Analyses of the primary outcome
Cumulative incidence of T2D will be summarised and compared between the treatment arms using random effects logistic regression to estimate the odds ratios (OR) and 95% CI. The R package lme4 for generalised linear mixed models will be used, which includes the frequentist method to estimate the fixed and random effects; the default correlation structure is unstructured . In addition, we will evaluate the intraclass correlation coefficients to assess the cluster variance; the R package sj stats, version 0.17.5, will be used. The model will include the randomisation stratum site as a random effect and treatment and country as a fixed effect. The effectiveness of the lifestyle intervention will be reported by the risk difference and the screening numbers needed to identify one case of “high risk” for developing diabetes and the number needed to treat or delay one case of T2D. The risk difference will be derived with the modified log-Poisson approach . The number needed to treat will be derived by the R package nnt, which is based on the restricted mean survival time in the control group divided by the difference in restricted mean survival time between the treatment and control groups up to 3 years of follow-up. The Wilson score method will be used to calculate CIs . All analyses will be adjusted for the confounders age and sex.

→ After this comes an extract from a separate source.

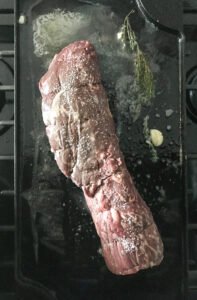- Prepping the Beef Tenderloin: Sprinkle with salt and set it aside to let the salt dissolve.If you want to shape to your beef tenderloin you can tie it with twine (or keep the twine on until it is seared if your beef tenderloin comes tied already)

Analyses of the secondary outcomes
The secondary outcomes are of continuous nature and will be reported as mean and SD in each of the two treatment groups. The differences between the two treatment arms will be estimated with a multilevel linear mixed-effects regression model. The models will include the stratification variable country as a fixed effect and a random effect for clusters. The estimates will be presented with their associated 95% confidence intervals (CIs) and p-values for comparison between the treatment groups. In addition, adjustments for age and sex will be performed, and the baseline values will be reported.
Treatment compliance will be reported for the intervention arm as an explanatory variable. It will be reported according to the number of times a participant turned up for the lifestyle modification (LSM) sessions. In addition, changes in dietary intake will be reported. Twenty-four-hour dietary recalls and food frequency questionnaires were performed in the treatment arm only. Dietary variables will, therefore, be reported as a change from baseline in the treatment arm.
Both absolute and relative risk reduction will be compared for subgroups of participants included in the study based upon a high risk for T2D according to waist circumference measurements (waist circumference ≥ 100 cm in India and Pakistan; ≥ 90 cm in Sri Lanka) and those included based upon HbA1c levels (6.0–6.4% inclusive). The interaction of the treatment arm with sex, setting, socio-economic status, baseline waist circumference and HbA1c levels will be assessed. If there is an interaction, effect estimates and p-values will be presented by subgroups.
Sensitivity analyses will be performed to identify potentially extreme sites, because the extreme deviation of one site from other sites may have a large impact on the overall results. This is done by leaving one site out at a time; a centre is considered extreme as the estimate changes by > 10%. In addition, complete case analyses will be conducted to assess the robustness of the results.
Since lifestyle interventions are generally considered to be safe, no (serious) adverse events are to be expected. In case of any adverse events, these will be reported per incident with the number per group and a description of the event.